# Prepare Data


The goal of this stage of the project is to get data ready for all modelling and analysis.

At the end of this section the data will be **Loaded, Processed, Partitioned and Stored into S3.**

These stages are executed using the configuration API to reduce hard coding of paths.

In [1]:
import pandas as pd
import sys
sys.path.append("../")
import utils.config as cfg
import utils.display as disp

## Download data

In this demonstration we will use a [Hospital Readmission Dataset](https://archive.ics.uci.edu/ml/datasets/diabetes+130-us+hospitals+for+years+1999-2008) from [UCI ML Repository](https://archive.ics.uci.edu/ml/index.php)

We need to download this data and unzip it into the right location for downstream processing.

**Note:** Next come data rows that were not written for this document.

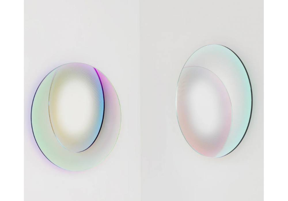 Shimmer von Patricia Urquiola für Glas Italia entworfen, ist ein Spiegel aus extraleichtem Kristallglas mit einem abgestuften Spiegel und einer schillernden, mehrfarbigen Oberfläche. Auch mit Beleuchtungssystem erhältlich (außer Modell SH03).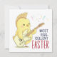 Cute "Most Egg-cellent Easter" design depicts a rock and roll chick with a mohawk hairstyle playing the electric guitar. This punny Easter design makes a nice Easter gift for music lovers, musicians, guitar player, metalheads and anyone else who likes music.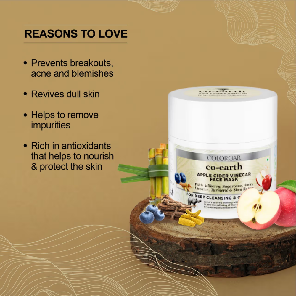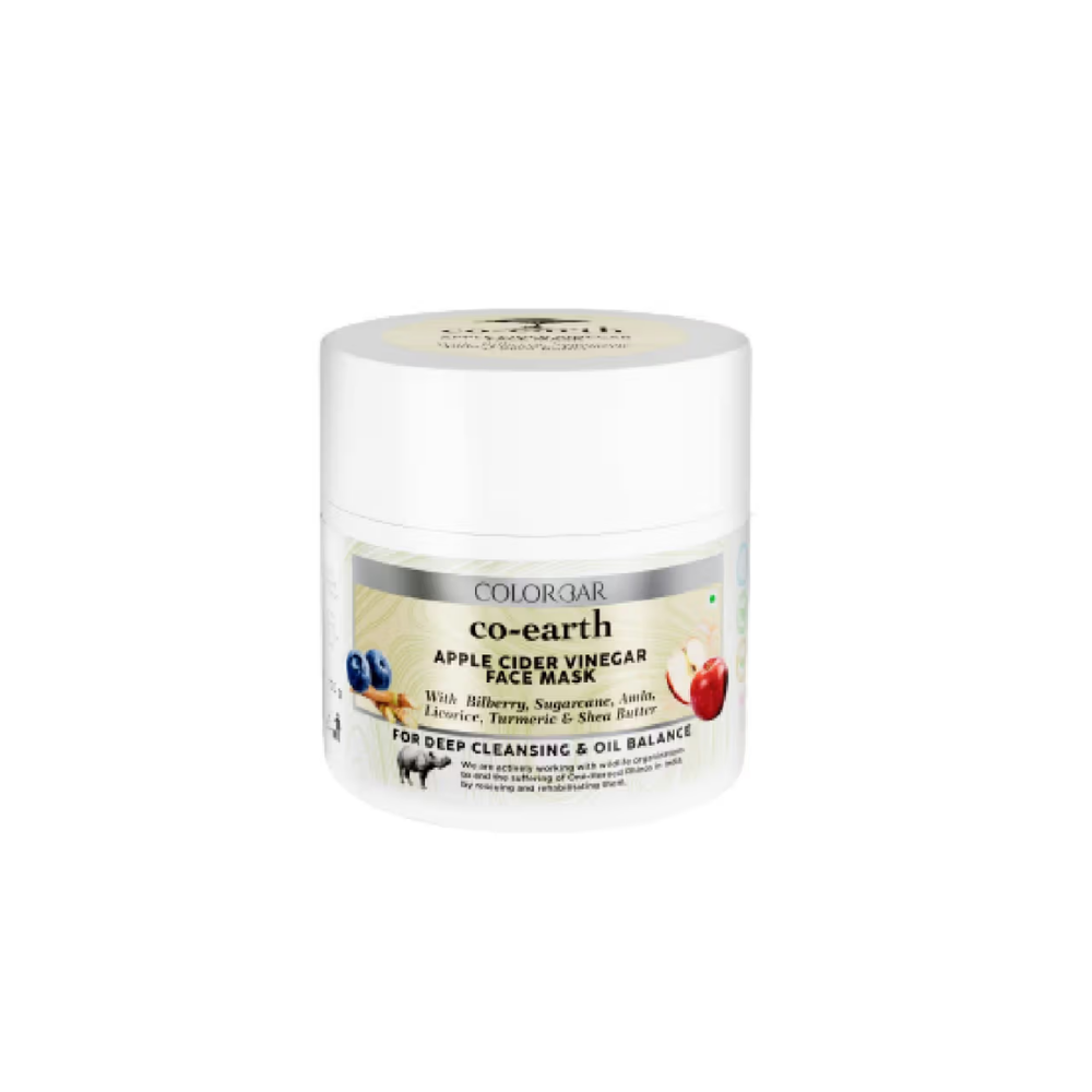 Colorbar Co-earth Apple Cider Vinegar Face Mask is a deep cleansing and purifying face mask loaded with the goodness of apple cider vinegar and turmeric oil that helps to unclog blocked pores and prevent breakouts, leaving the skin flawless and radiant. Both are known for their antibacterial properties and are naturally purifying. Enriched with bilberry and amla extracts that are rich in antioxidants that help to rejuvenate dull skin and fight signs of ageing. Kaolin clay helps to deeply cleanse the skin and remove excess oil. Apply all over face and neck, 2-3 times a week for acne and blemish free skin.

All of this is done with the script: **src/load_data.sh**


In [2]:
disp.display_file("../src/load_data.sh")

In [4]:
# EXECUTE IT USING THE MASTER RUN SCRIPT

!../RUN.sh load

Loading your data...
mkdir: raw: File exists
--2020-12-23 09:58:35--  https://archive.ics.uci.edu/ml/machine-learning-databases/00296/dataset_diabetes.zip
Resolving archive.ics.uci.edu (archive.ics.uci.edu)... 128.195.10.252
Connecting to archive.ics.uci.edu (archive.ics.uci.edu)|128.195.10.252|:443... connected.
HTTP request sent, awaiting response... 200 OK
Length: 3347213 (3.2M) [application/x-httpd-php]
Saving to: ‘raw/dataset_diabetes.zip’


2020-12-23 09:58:38 (1.62 MB/s) - ‘raw/dataset_diabetes.zip’ saved [3347213/3347213]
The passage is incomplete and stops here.